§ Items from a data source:
■ ■ ■ ■

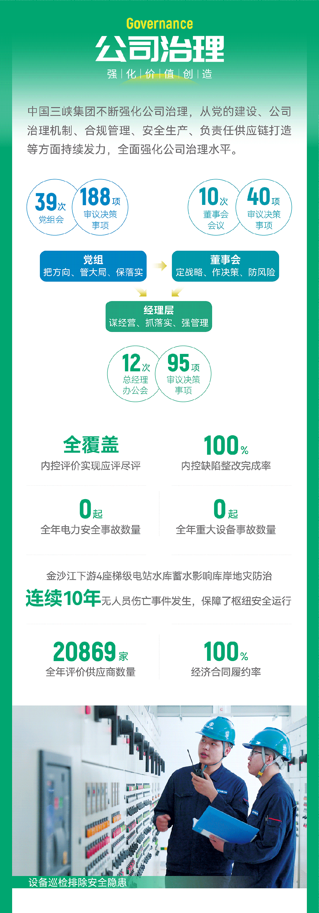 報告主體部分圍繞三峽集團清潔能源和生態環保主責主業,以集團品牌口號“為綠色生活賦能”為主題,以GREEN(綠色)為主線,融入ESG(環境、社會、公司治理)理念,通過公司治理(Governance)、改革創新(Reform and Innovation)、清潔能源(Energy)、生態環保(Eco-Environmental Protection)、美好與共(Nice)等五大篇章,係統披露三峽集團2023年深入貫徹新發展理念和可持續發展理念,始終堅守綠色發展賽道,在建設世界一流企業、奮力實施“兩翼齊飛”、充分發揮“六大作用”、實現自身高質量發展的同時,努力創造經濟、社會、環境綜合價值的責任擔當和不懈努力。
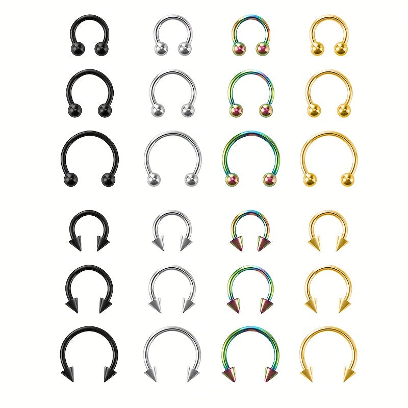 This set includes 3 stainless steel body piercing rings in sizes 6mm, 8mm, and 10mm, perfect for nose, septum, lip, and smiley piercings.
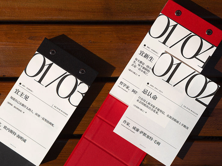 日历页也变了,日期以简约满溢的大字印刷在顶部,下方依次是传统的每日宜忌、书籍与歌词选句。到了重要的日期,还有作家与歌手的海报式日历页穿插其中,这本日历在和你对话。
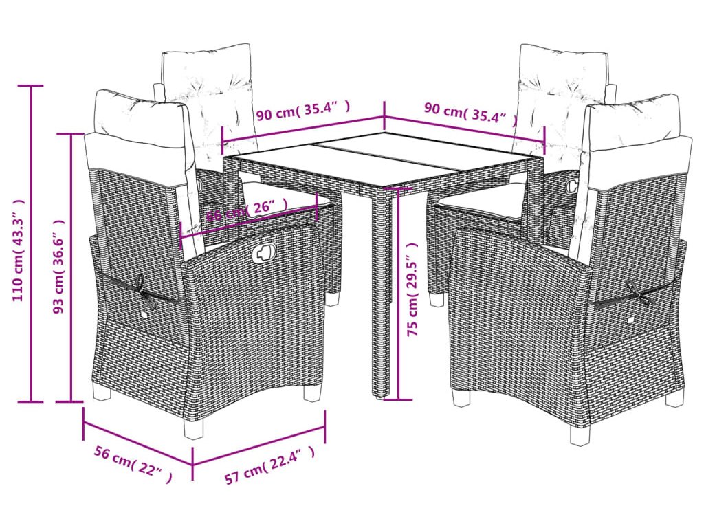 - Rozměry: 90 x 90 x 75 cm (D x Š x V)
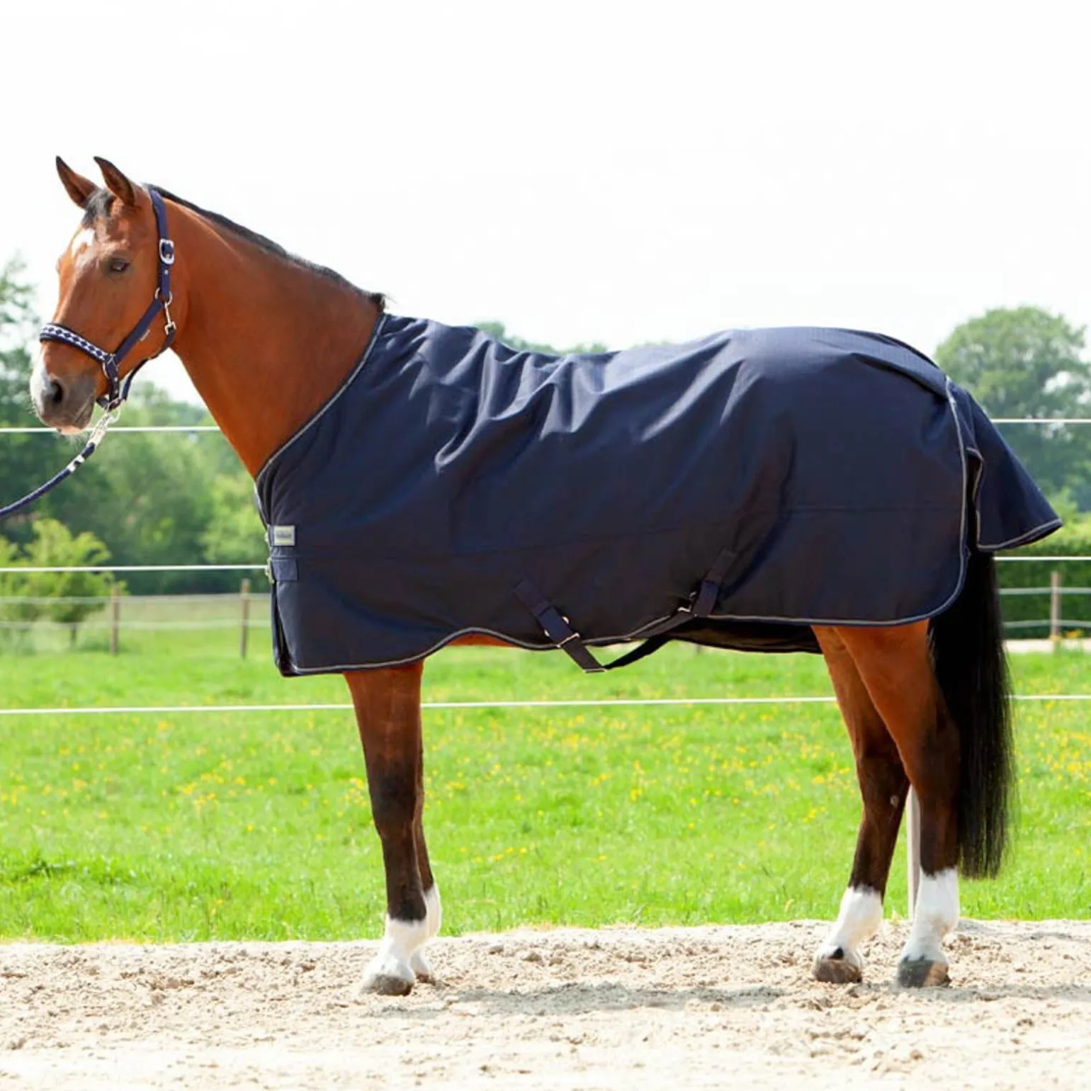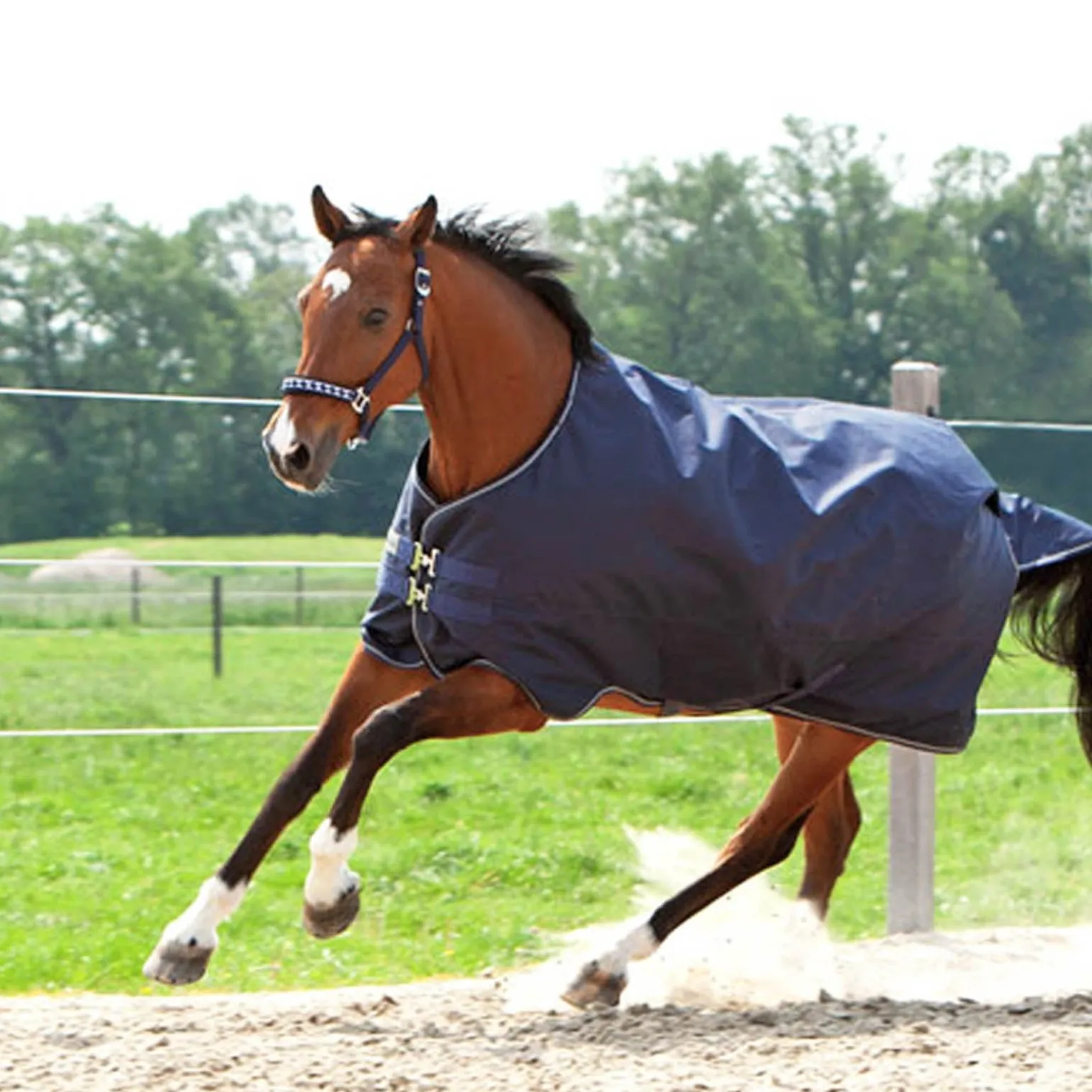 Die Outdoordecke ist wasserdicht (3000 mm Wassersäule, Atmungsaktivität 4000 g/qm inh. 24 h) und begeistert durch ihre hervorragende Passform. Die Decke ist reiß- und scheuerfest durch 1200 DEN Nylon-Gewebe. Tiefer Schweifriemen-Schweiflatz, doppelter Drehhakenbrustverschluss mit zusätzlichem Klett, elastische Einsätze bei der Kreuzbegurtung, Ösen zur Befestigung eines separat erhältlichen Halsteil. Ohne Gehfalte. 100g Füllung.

■ ■ ■ ■

§ What the task requires:
Both ends included, copy word for word the lines from the top of the entries above through the line with "- Rozměry: 90 x 90 x 75 cm (D x Š x V)". No pictures.

§ Answer to this task:
 報告主體部分圍繞三峽集團清潔能源和生態環保主責主業,以集團品牌口號“為綠色生活賦能”為主題,以GREEN(綠色)為主線,融入ESG(環境、社會、公司治理)理念,通過公司治理(Governance)、改革創新(Reform and Innovation)、清潔能源(Energy)、生態環保(Eco-Environmental Protection)、美好與共(Nice)等五大篇章,係統披露三峽集團2023年深入貫徹新發展理念和可持續發展理念,始終堅守綠色發展賽道,在建設世界一流企業、奮力實施“兩翼齊飛”、充分發揮“六大作用”、實現自身高質量發展的同時,努力創造經濟、社會、環境綜合價值的責任擔當和不懈努力。
 This set includes 3 stainless steel body piercing rings in sizes 6mm, 8mm, and 10mm, perfect for nose, septum, lip, and smiley piercings.
 日历页也变了,日期以简约满溢的大字印刷在顶部,下方依次是传统的每日宜忌、书籍与歌词选句。到了重要的日期,还有作家与歌手的海报式日历页穿插其中,这本日历在和你对话。
 - Rozměry: 90 x 90 x 75 cm (D x Š x V)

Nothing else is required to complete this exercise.